Sátiro se detuvo ante la puerta de su habitación, súbitamente dominado por un miedo irracional, o quizá perfectamente racional, a entrar en una habitación a oscuras.

—¿Podrías hacer que alguien registre mi habitación? —preguntó.

—Ni siquiera estoy de servicio —respondió Draco con un suspiro—. ¿No puede esperar a mañana el registro?

Sátiro se volvió hacia él.

—No, no puede. Escúchame bien: alguien acaba de intentar envenenarme. Poco antes, alguien lo ha intentado con mi hermana y ha conseguido envenenar a Calisto, la esclava. Es probable que mi madre haya muerto en Panticapea, no tengo acceso a mis amigos ni a mi patrimonio, y te aseguro que ya no aguanto más. Quiero que entres en esta habitación y la registres o que avises a alguien para que lo haga. ¿Entendido?

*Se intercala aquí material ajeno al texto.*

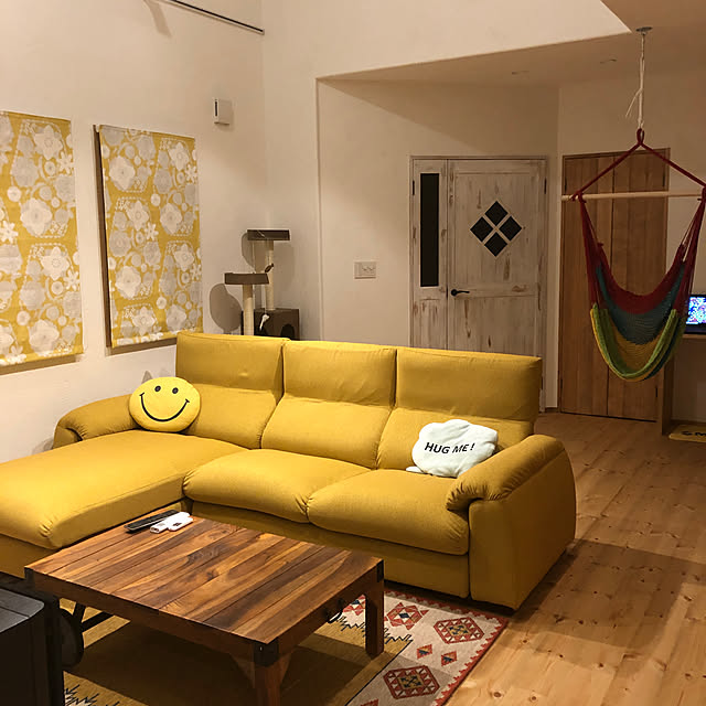 都会のおしゃれ家具屋でみつけたハンモックチェア。梁のある家を建てるからにはいつかは欲しいと思ってはいたけど、ネットだとサイズ感がわからないし怖くて買えずにいました。たまたま入った家具屋さんでみつけてお試しもさせてもらってやっと購入できました。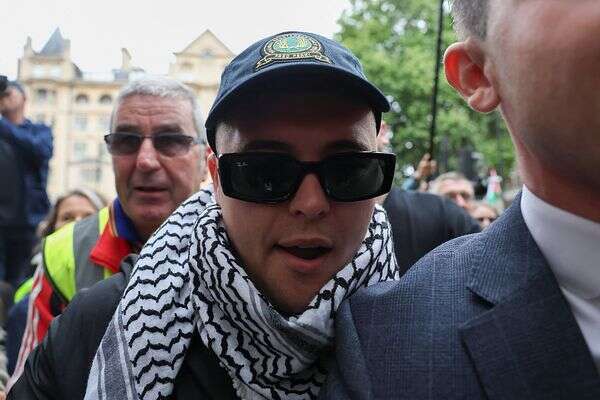 ליאם או'הנה התקבל מחוץ לבית המשפט המחוזי בווסטמינסטר על ידי קהל תומכים ומעריצים גדול - רבים מהם נשאו דגלי פלשתין.

Su voz fue estridente, y el tono cruel, y lamentó haber largado aquel discurso en cuanto lo hubo pronunciado. Draco se puso tenso.

—Sí, mi señor —dijo, con rigidez.

Hizo venir a otros dos guardias, tuvo una charla en voz baja con ellos y acto seguido, provistos de faroles, registraron la habitación, quitaron los cobertores del diván y los inspeccionaron en busca de agujas, y luego una pareja de esclavas volvieron a hacer la cama. Repitieron la operación en las estancias de Melita, apartando a Calisto, que roncaba, sin despertarla.

Cuando hubieron acabado, Sátiro intentó desagraviar a Draco.

—Lo siento —se disculpó.

Draco le dedicó una mirada desdeñosa.

—Es mi trabajo, señor. Ahora tengo que irme.

Sátiro hizo una pausa.

—Sí, así es, Draco. Lamento las molestias, pero es tu trabajo.

El hombre se marchó muy ofendido.

Filocles y Terón se reunieron con ellos en la habitación de Melita. Soltaron sus petates en el suelo y se sentaron encima. Luego Filocles fue con Sátiro a su habitación, recogieron su equipo y lo trasladaron a la habitación de su hermana.